A Igreja e Jesus Evangelizador

222. A Igreja é inseparável de Cristo, porque ele mesmo a fundou por um ato expresso de sua vontade, sobre os doze, cuja cabeça é Pedro , constituindo-a sacramento universal e necessário de salvação. A Igreja não é um "resultado" posterior nem uma simples conseqüência "desencadeada" pela ação evangelizadora de Jesus. Com certeza nasce desta ação, mas de modo direto, pois é o próprio Senhor que convoca seus discípulos e lhes comunica o poder de seu Espírito, dotando a comunidade nascente de todos os meios e elementos essenciais que o povo católico professa como de instituição divina.

223. Além disto, Jesus aponta sua Igreja como caminho normativo. Não fica, pois, à discrição do homem o aceitá-la ou não, sem conseqüências: "quem vos ouve a mim ouve; quem vos rejeita é a mim que rejeita" (Lc 10,16). Foi o que o Senhor disse aos seus apóstolos. Por isto mesmo aceitar a Cristo exige aceitar a sua Igreja (PO 40c). Esta é parte do Evangelho, do legado de Jesus e objeto de nossa fé, de nosso amor, de nossa lealdade. É isto que manifestamos ao rezar: "Creio na Igreja, una, santa, católica e apostólica".

224. Mas a Igreja é também depositária e transmissora do Evangelho. Prolonga na terra, fiel à lei da encarnação visível, a presença e a ação evangelizadora de Cristo. Como Ele, vive a Igreja para evangelizar. Esta ë sua felicidade e vocação peculiar (EN 14): proclamar aos homens a pessoa e a mensagem de Jesus.

225 Esta Igreja é uma só: a que foi edificada sobre Pedro e que o próprio Senhor denomina "minha Igreja" (Mt 16,18). Só na Igreja católica é que ocorre a plenitude dos meios de salvação (UR 36), legados por Jesus aos homens, mediante os apóstolos. Temos por isso, o dever de proclamar a excelência de nossa vocação à Igreja Católica (LG 14). Estai, vocação é ao mesmo tempo imensa graça e responsabilidade.
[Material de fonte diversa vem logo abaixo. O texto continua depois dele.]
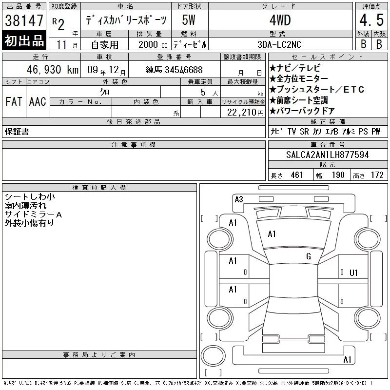 Rover DISCOVERY с аукциона Японии CAA Tokyo лот № 38147

A Igreja e o Reino que anuncia Jesus

226 A mensagem de Jesus tem como centro a proclamação do Reino, que n'Ele mesmo se torna presente e chega, até nós. Este Reino, sem ser uma realidade separável da Igreja (LG 8a), transcende seus limites visíveis . Porque se realiza de certo modo onde quer que Deus esteja reinando mediante sua graça, seu amor, vencendo o pecado e ajudando os homens a crescer até conseguir a grande comunhão que lhes é oferecida em Cristo. Esta ação Deus acontece também no coração dos homens que vivem fora do âmbito perceptível da Igreja . E isto não significa de modo nenhum que a pertença à Igreja seja diferente.
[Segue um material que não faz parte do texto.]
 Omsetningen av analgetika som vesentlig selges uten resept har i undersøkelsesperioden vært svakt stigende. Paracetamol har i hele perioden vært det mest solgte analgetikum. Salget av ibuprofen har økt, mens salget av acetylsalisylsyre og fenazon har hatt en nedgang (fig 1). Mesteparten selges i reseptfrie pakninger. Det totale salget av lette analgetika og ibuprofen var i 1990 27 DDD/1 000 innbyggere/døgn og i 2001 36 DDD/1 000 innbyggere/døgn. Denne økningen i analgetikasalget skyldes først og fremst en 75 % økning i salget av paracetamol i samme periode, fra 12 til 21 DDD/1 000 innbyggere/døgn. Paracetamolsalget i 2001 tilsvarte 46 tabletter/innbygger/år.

227 Por isso é que a Igreja recebeu por missão anunciar e instaurar o Reino em todos os povos. Ela é o sinal do Reino. Nela se manifesta de modo visível o que Deus está realizando silenciosamente, no mundo inteiro. É o lugar onde se concentra ao máximo a ação do Pai, que, na força do Espírito de amor, busca solícito os homens para partilhar com eles - em gesto de ternura inexprimível a sua própria vida trinitária. A Igreja é também o instrumento que introduz o Reino entre os homens, para conduzi-tos à sua meta definitiva.

228 "Ela constitui já na terra o germe e o princípio desse Reino" (LG 5). Este germe deve crescer na história sob o influxo do Espírito até o dia em que "em todos Deus seja tudo" (1Cor 15,28). Até então a Igreja permanecerá perfectível sob muitos aspectos, necessitada de permanente auto-evangelização, de maior conversão e purificação.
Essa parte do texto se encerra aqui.